In the entries below, begin at the line with "9. Olivier Amrane, vice-président" and stop after the line with "Suhuf Jurnal Kajian"; output those lines exactly and omit the pictures.

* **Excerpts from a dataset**
--- START ---

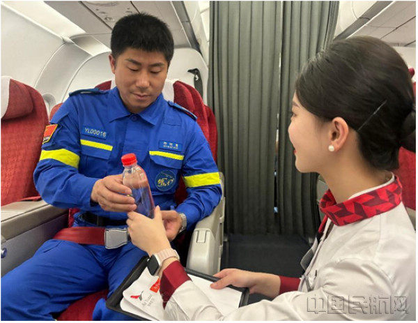 “在危難時刻你們無畏逆行,用專業(yè)與擔(dān)當(dāng)守護(hù)生命,用汗水與信念點亮希望”當(dāng)航班進(jìn)入平飛階段,乘務(wù)組通過機(jī)上廣播向藍(lán)天救援隊員們表達(dá)崇高敬意,廣播未畢,客艙內(nèi)就已響起熱烈掌聲,旅客們紛紛為這群“逆行英雄”點贊鼓掌。
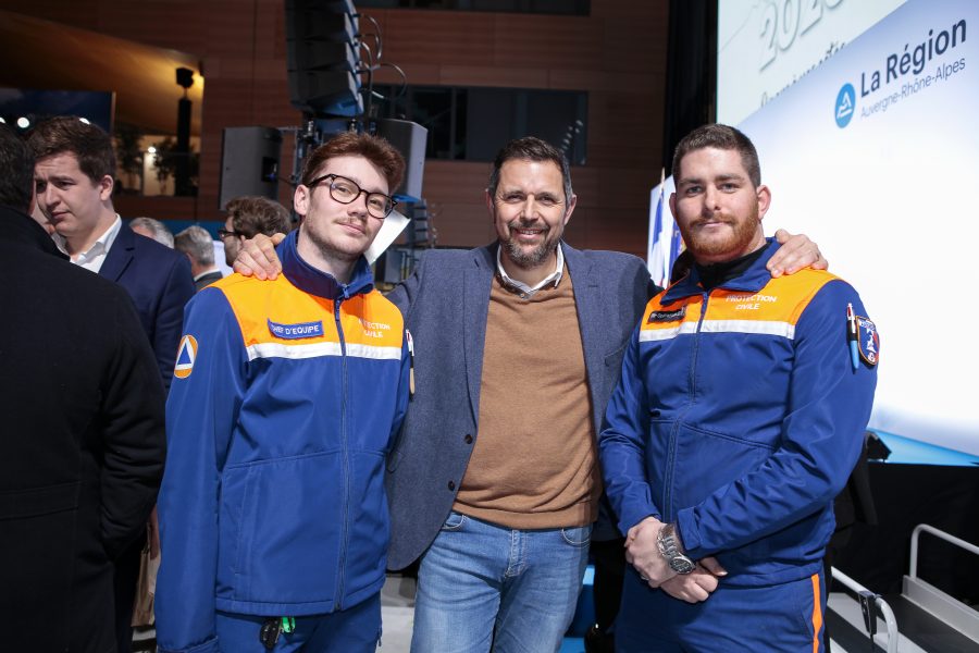 9. Olivier Amrane, vice-président à la Région Auvergne-Rhône-Alpes entouré de Tom Davail et Florian Duperrier (La Protection Civile de l’Ardèche)
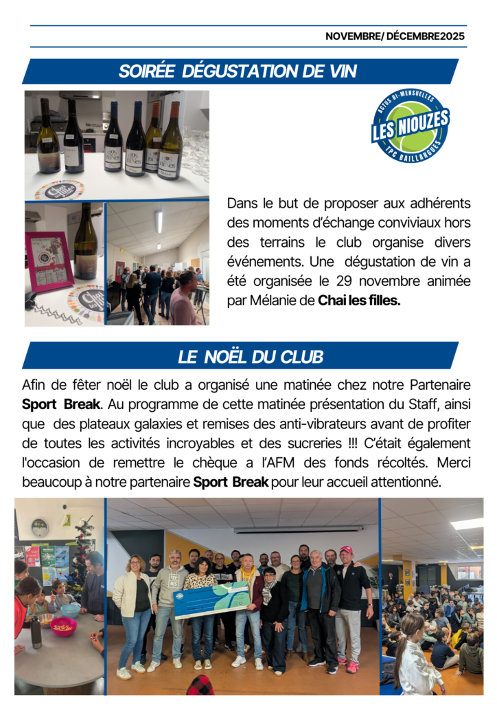 Chers adhérents et adhérentes, nous avons le plaisir de vous présenter LES NIOUZES.
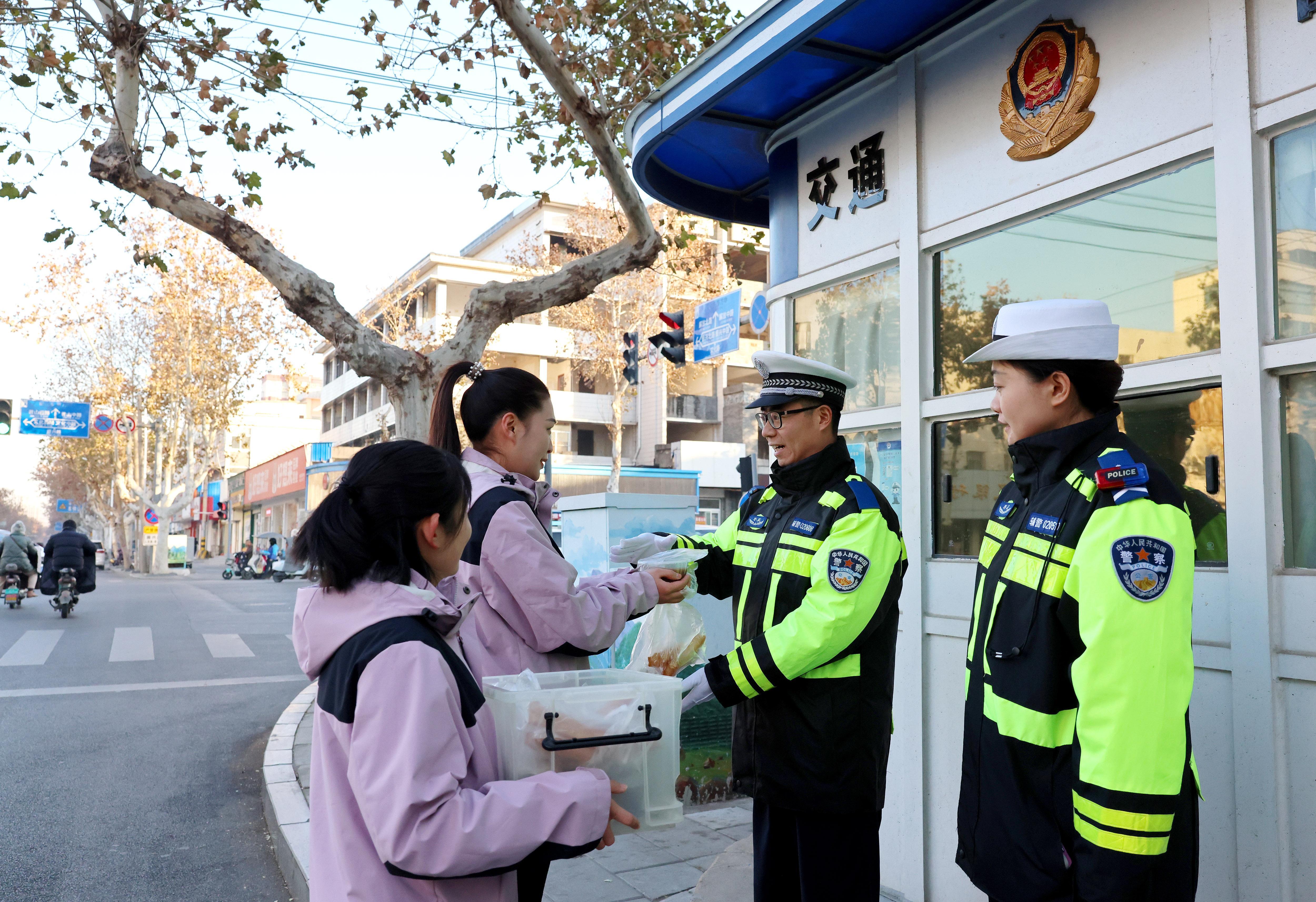1月7日,山東省棗莊市市中區(qū)文化路絲雨幼兒園老師向崗亭值班的交通輔警送上臘八粥。
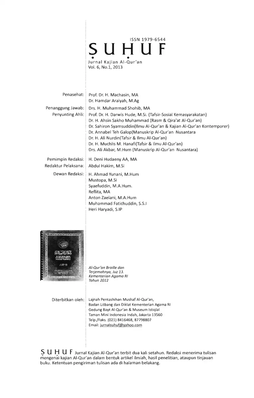 Suhuf Jurnal Kajian Al-Qur'an dan Kebudayaan. Vol. 6 - No. 1 - 2013
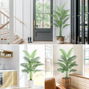Realistic Artificial Areca Palm Plant: Our carefully crafted Artificial Areca Palm Silk Tree closely mimics the look of a real palm tree, adding a touch of nature to any room, office, or outdoor space. This lifelike fake palm tree stays green all year round, making it a perfect housewarming gift and ideal for all seasons.

--- END ---

* **SOLUTION TO THIS TASK**
 9. Olivier Amrane, vice-président à la Région Auvergne-Rhône-Alpes entouré de Tom Davail et Florian Duperrier (La Protection Civile de l’Ardèche)
 Chers adhérents et adhérentes, nous avons le plaisir de vous présenter LES NIOUZES.
1月7日,山東省棗莊市市中區(qū)文化路絲雨幼兒園老師向崗亭值班的交通輔警送上臘八粥。
 Suhuf Jurnal Kajian Al-Qur'an dan Kebudayaan. Vol. 6 - No. 1 - 2013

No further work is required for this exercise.